Disorder-immune metasurfaces with constituents exhibiting the anapole mode

TL;DR

This paper presents disorder-immune optical metasurfaces made of core-shell cylinders that maintain their reflective properties despite random displacements, due to weak non-local effects and non-radiating anapole modes.

Contribution

The authors demonstrate a novel design of metasurfaces that are immune to positional disorder by leveraging anapole modes and weak multiple scattering effects.

Findings

Metasurfaces retain performance under random displacements.

Reflection properties are insensitive to spacing variations.

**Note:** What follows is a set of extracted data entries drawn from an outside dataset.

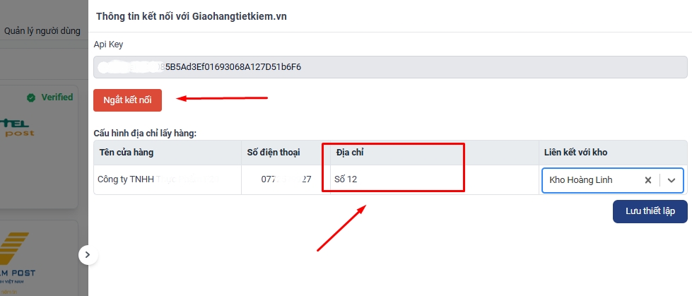 Sau khi tích hợp đơn vị vận chuyển vào Getfly, thông tin địa chỉ lấy hàng có thể thay đổi (ví dụ: bạn thêm kho mới, thay đổi địa chỉ kho, ...). Để Getfly cập nhật thông tin mới nhất từ tài khoản vận chuyển, bạn cần thực hiện kết nối lại đối tác vận chuyển.
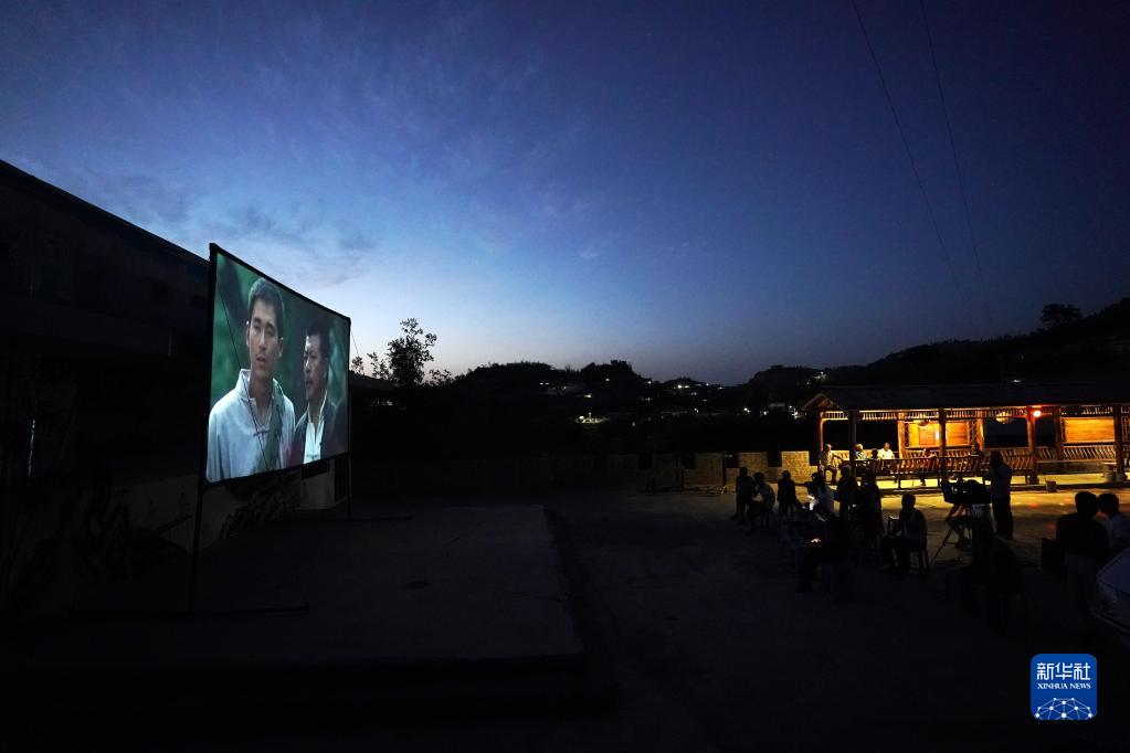 2021年8月10日,山西省柳林縣三交鎮高家焉村村民在觀看露天電影。40多年來,三交鎮電影放映隊累計為村民們播放了上萬部影片。
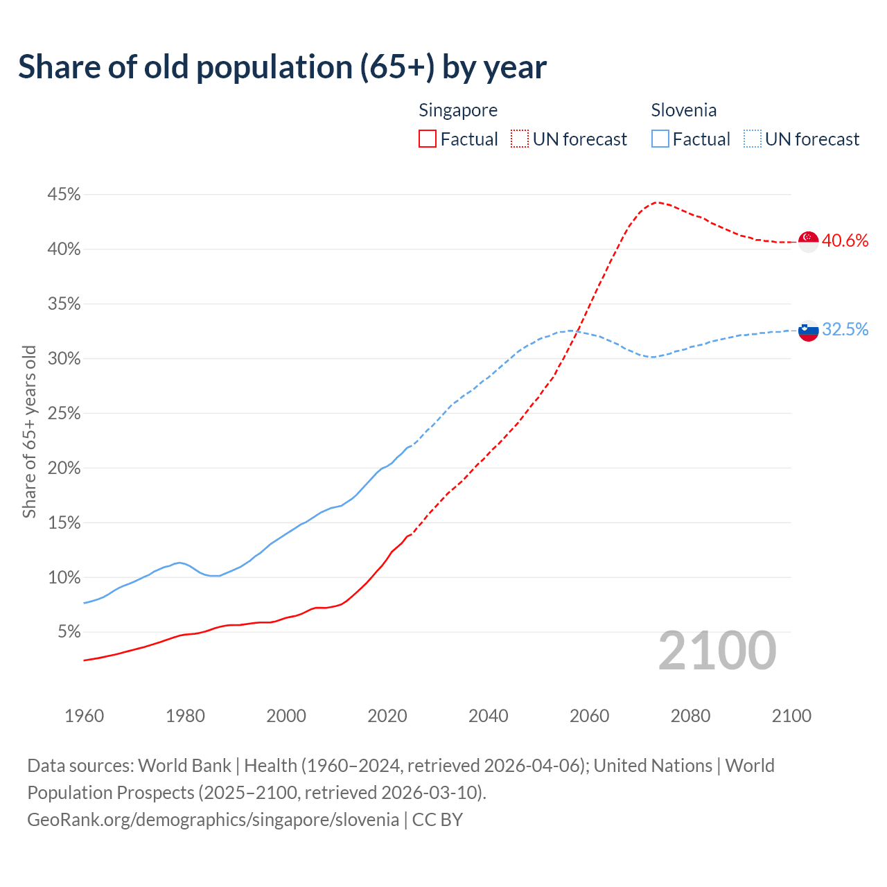 The share of older people aged 65 and over is 13.7% in Singapore and 21.8% in Slovenia. Life expectancy in Singapore compared to Slovenia .
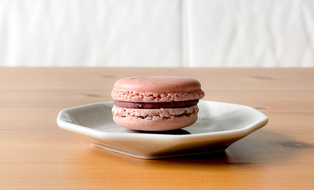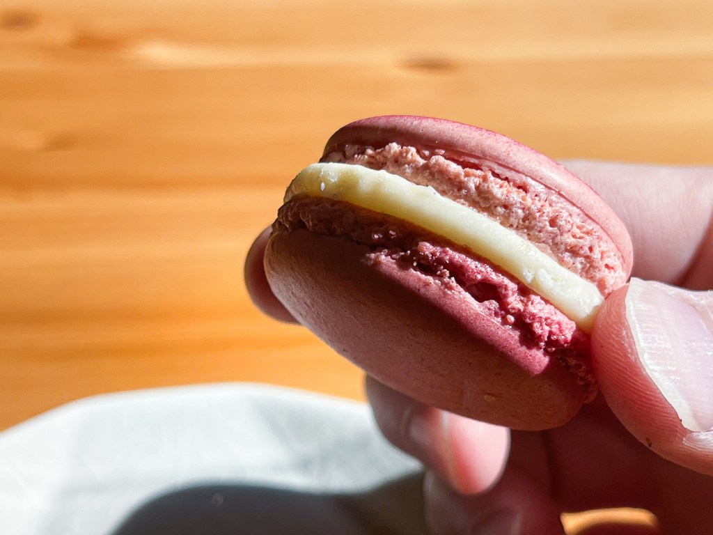 咬下,果然酥香好吃,餅殼酥軟的塌陷,滋味細緻綿密,涼爽清香的覆盆子酸甜,加上隱約的酥香烘烤味,尤其是咬下不是硬殼如杏仁糖,略有空氣感的口感,是讓我最喜歡的地方,就想壽司醋飯有空隙一般才美味一樣。
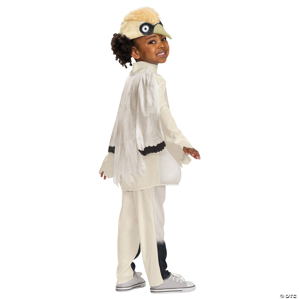 Your little one can pretend to be Scuttle, the scatterbrained seagull, from the new Disney movie, The Little Mermaid! The Scuttle costume includes a white top with printed fur details and has long sleeves with scalloped hems. It comes with a matching detachable wing-like cape, pants with printed fur accents, and cute seagull headpiece with a faux fur mohawk and a soft beak at the forehead. Open-faced hood is lightweight and comfortable to wear. Made of 100% polyester. Spot clean with damp cloth, air dry. Toddler Small fits size 2T. © Disney
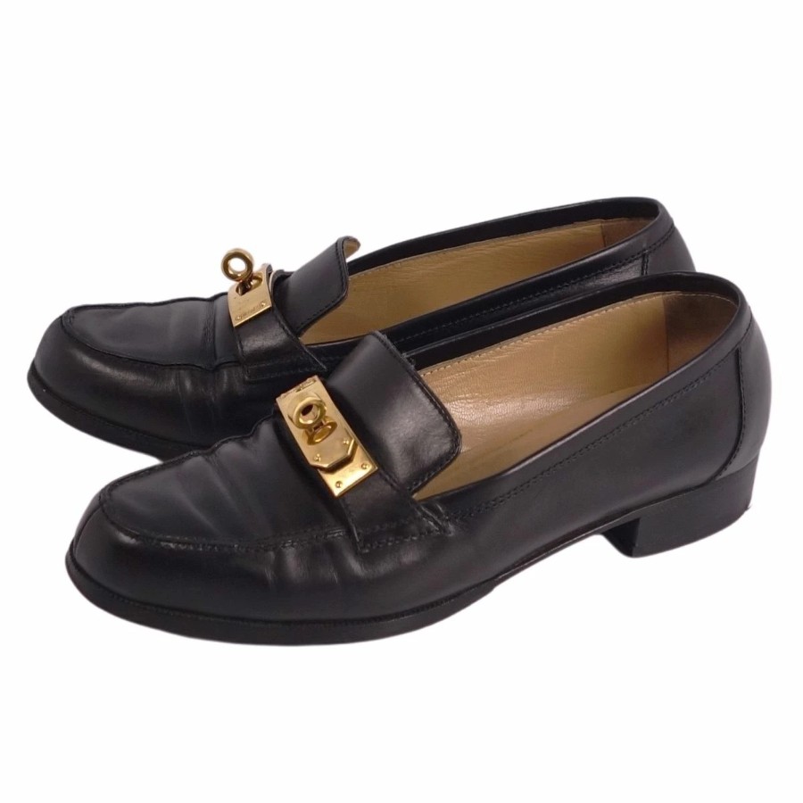 エルメス HERMES ローファー デスタン モカシン ケリー金具 パンプス レザー シューズ 靴 レディース イタリア製 ブラック サイズ36.5(23.5cm相当)
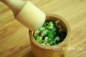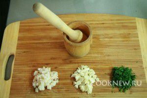 Этот рецепт имеет уникальный аспект – соус. Для его приготовления мелко режем сало, петрушку и чеснок. Сала должно быть чуть больше чайной ложки. Этот ингредиент придаст аромат борщу.
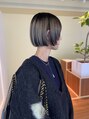 表面の毛先にブリーチカラーを入れてコントラストのあるデザインカラーに◎ぷつっとカットラインのボブとの相性も抜群です。
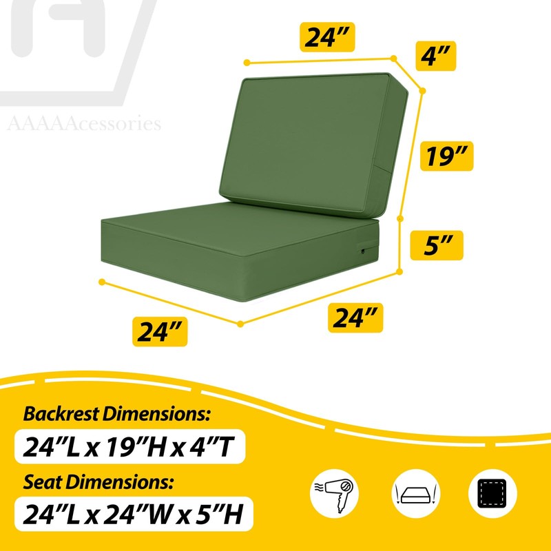 - About Size: Seat: 24L×24W×5H inches, Backrest: 24L×19H inches (tolerance: 0.5"). Measure your furniture before ordering. Cushions are compressed and may look bigger/thinner. Let them rebound for a few days or use a hair dryer to fluff faster
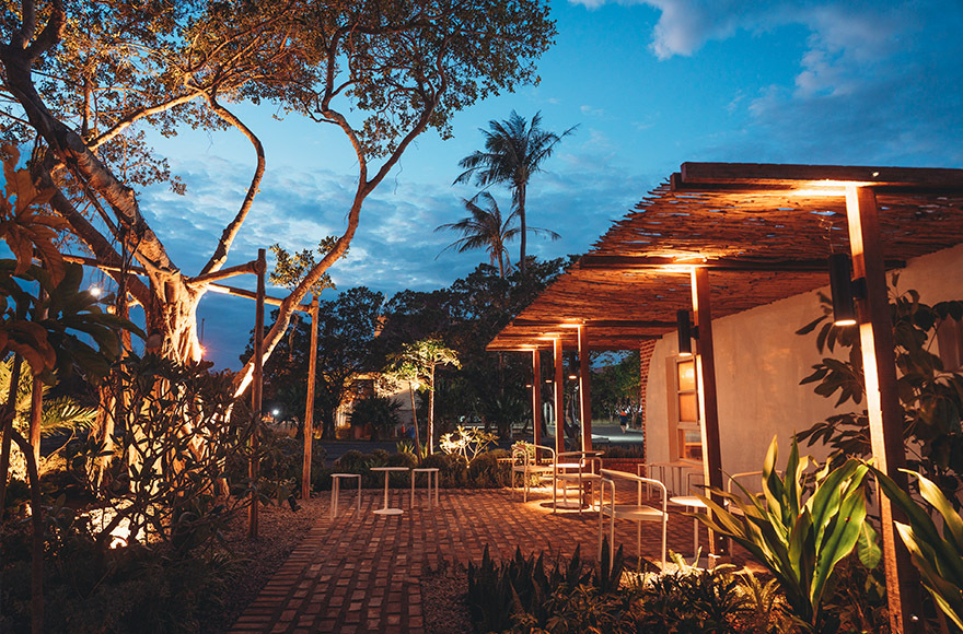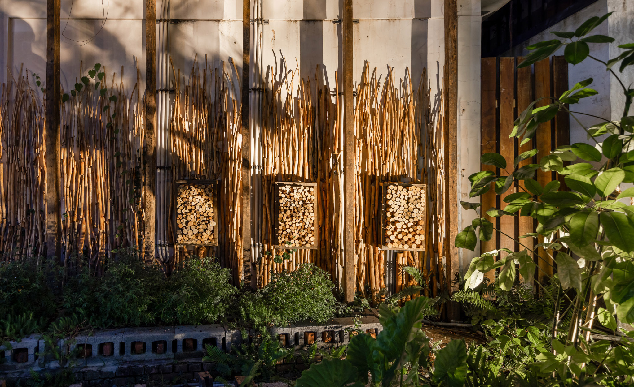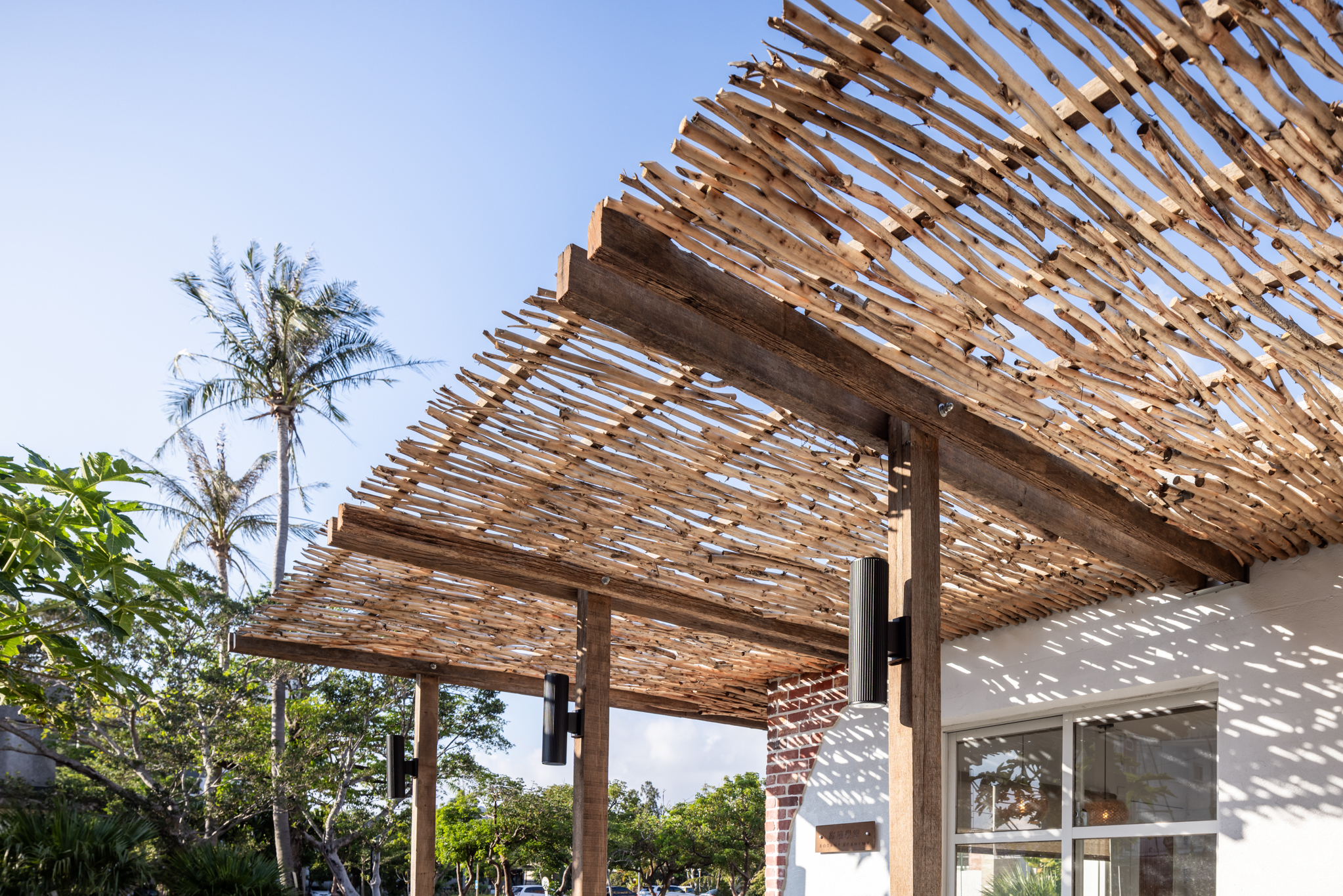 在景觀構築物上,與木工藝術家楊宗熏老師合作,砍伐入侵物種銀合歡,枝條重新處理再造成爲場地上急需的遮陽廊架。而廊架的大木框架,也是恆春當地老房子拆除之後保留下來的。而在咖啡屋的景觀燈籠,則是邀請編織大師“瓊麻的女兒”王美又老師,將瓊麻帶回校園主景,同時將瓊麻編織帶入教學工作坊的一部分。

Disorder immunity is due to weak non-local effects and anapole modes.

Abstract

Common optical metasurfaces are 2-dimensional functional devices composed of periodically arranged subwavelength constituents. Here, we achieved the positional-disorder-immune metasurfaces composed of core-shell cylinders which successively exhibit the magnetic dipole (MD) resonant, non-radiating anapole, and electric dipole (ED) resonant modes when their outer radii are fixed and the inner radii changes continuously in a range. The performances of the metasurfaces under a periodically structural design are not degraded even when the positions of the cylinders are subjected to random and considerable displacements. The positional-disorder-immunity is due to the weak non-local effect of the metasurfaces. Because the multiple scattering among cylinders is weak and insensitive to the spacing among the cylinders around the ED and MD resonant modes and vanishing irrespective of the spacing at the non-radiating anapole mode, the reflection properties including the reflection phase and reflectivity of the metasurfaces are insensitive to the spacing between neighboring cylinders for this entire variation range of the inner radius. The positional-disorder-immunity make the metasurface to be adapted to some unstable and harsh environments.